In laboratory experiments, valerian extract prevents the breakdown of an important inhibitory neurotransmitter chemical in the nervous system, causing a calming effect. Human studies suggest valerian products have a modest effect to improve sleep quality. Valerian supplements often have a distinct odor that some may find unpleasant, and these products might interact with a number of drugs or health conditions. More research is needed to determine the benefits and safety of this botanical.

  • To treat anxiety
    Several analyses have determined there is not enough evidence to determine whether valerian can treat anxiety.
  • To treat insomnia
    It is possible that valerian may provide modest improvements in sleep quality.
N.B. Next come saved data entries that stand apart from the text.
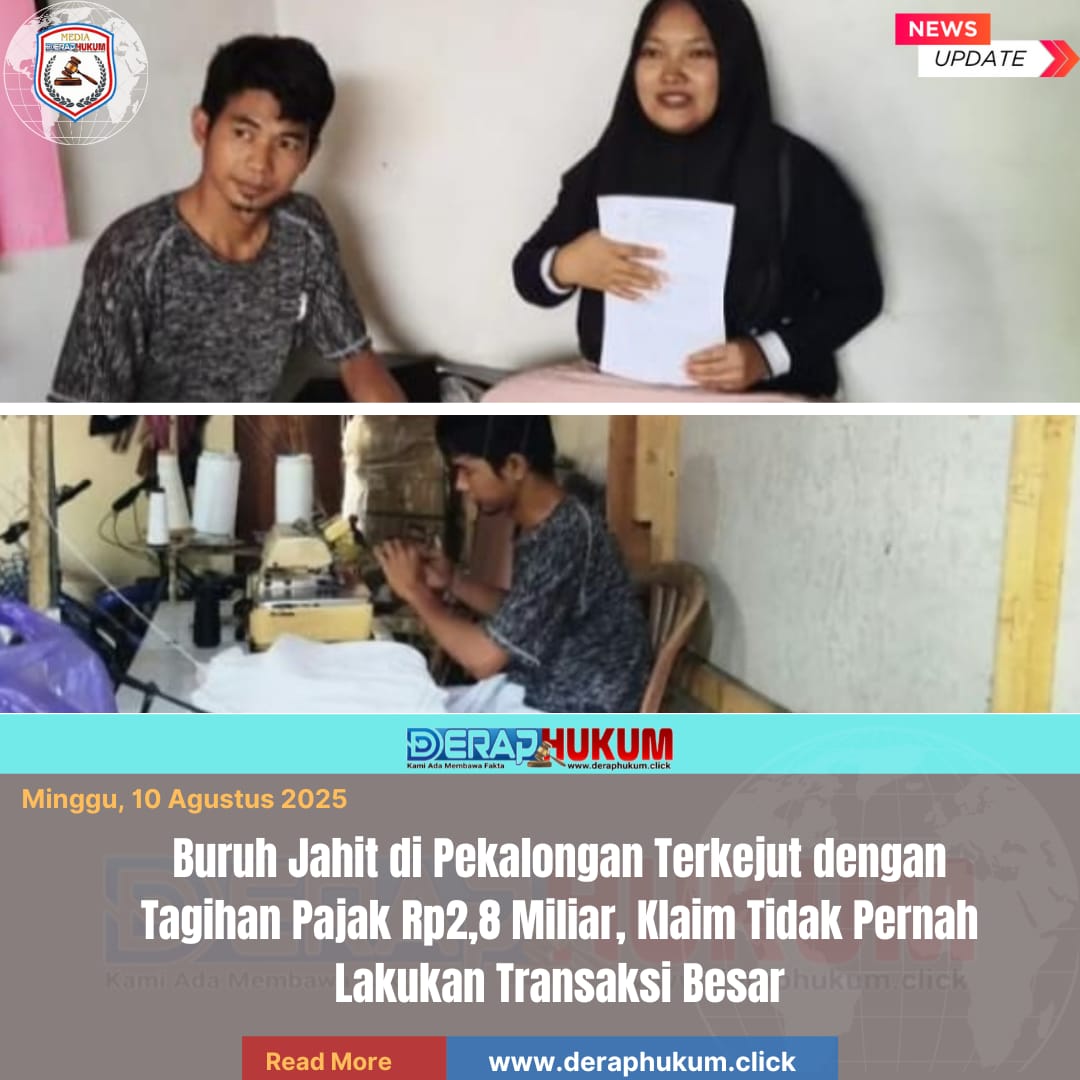 Pekalongan,Jawa Tengah | Deraphukum.click | Indonesia investigasi. com – ( 9/8/2025 ),Ismanto (32) dan Ulfa (27), buruh jahit harian lepas asal Desa Coprayan, Kecamatan Buaran, Kabupaten Pekalongan, Jawa Tengah, kaget menerima tagihan pajak Rp2,8 miliar.
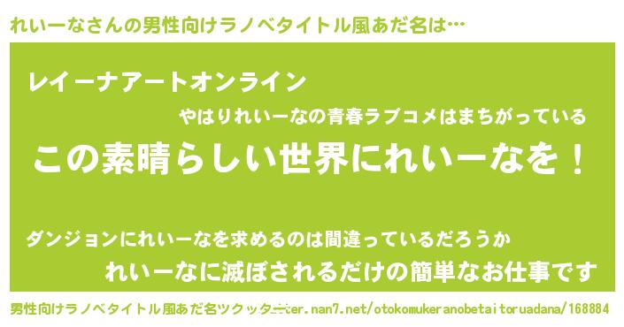| 女子向けラノベタイトル風あだ名 | 『乙女ゲームの破滅フラグしかない悪役れいーなに転生してしまった…』 |
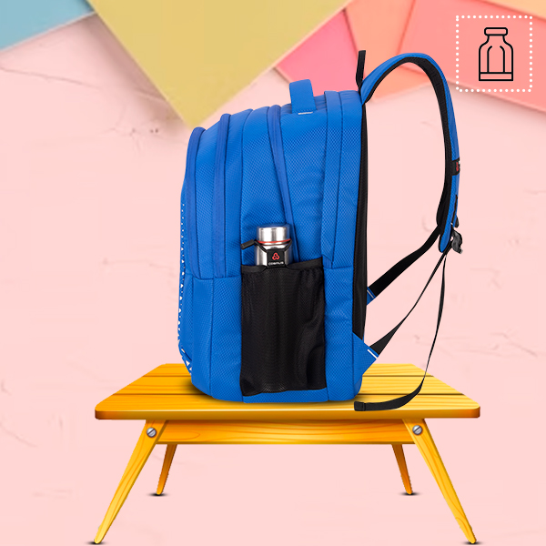 Compartments & Pockets: Four [4] main compartments, One Large front Pocket, Two side mesh Pocket with Water Bottle lock feature.
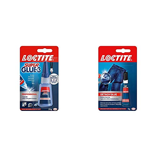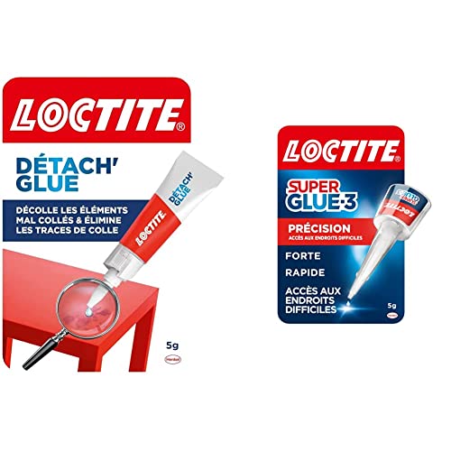 Lot de 2 produits Loctite - Détach'Glue, dissolvant colle qui enlève taches et résidus de colle cyanoacrylate, tube de 5 g & Super Glue-3 Précision, colle forte pour réparations précises, flacon 5 g

Although a study in cancer patients did not find this to be true, valerian did appear to improve other symptoms such as fatigue, how long it took to fall asleep, and quantity of sleep per night.
  • To calm muscle spasms
    Laboratory studies suggest positive effects, and an initial study indicates that valerian may be helpful for menstrual cramps.
  • To treat menopausal symptoms
    Two studies have shown that valerian may improve hot flashes and insomnia in postmenopausal women.
  • Valerian should be stopped at least 1 week before surgery because it can interfere with general anesthesia.
  • Patients should not drive or operate dangerous machinery after taking valerian because it could disrupt the ability to process information, perform tasks, or be alert.
  • Withdrawal symptoms may occur in those taking valerian for a period of time, if valerian is discontinued abruptly.
  • You are taking barbiturates, benzodiazepines, or other central nervous system drugs used to treat conditions such as anxiety, insomnia, seizures, or psychiatric disorders: Valerian lengthens the sedation time caused by these drugs and may have other added effects.
  • You are taking haloperidol: Valerian may increase effects and cause liver damage.
  • You are taking drugs that are substrates of P-glycoprotein: Valerian may increase the risk of side effects of these drugs.
  • You are taking drugs that are substrates of cytochrome P450: Valerian may increase the risk of side effects of these drugs.
  • You have pancreatic, liver, or gall bladder disease: Valerian usage has been associated with cases of liver damage and acute infection of the pancreas.
  • You are driving or operating machinery: Valerian may affect your performance or functioning.
  • You are pregnant or nursing: Animal experiments have shown reduced levels of essential micronutrients in fetal mouse brain tissue.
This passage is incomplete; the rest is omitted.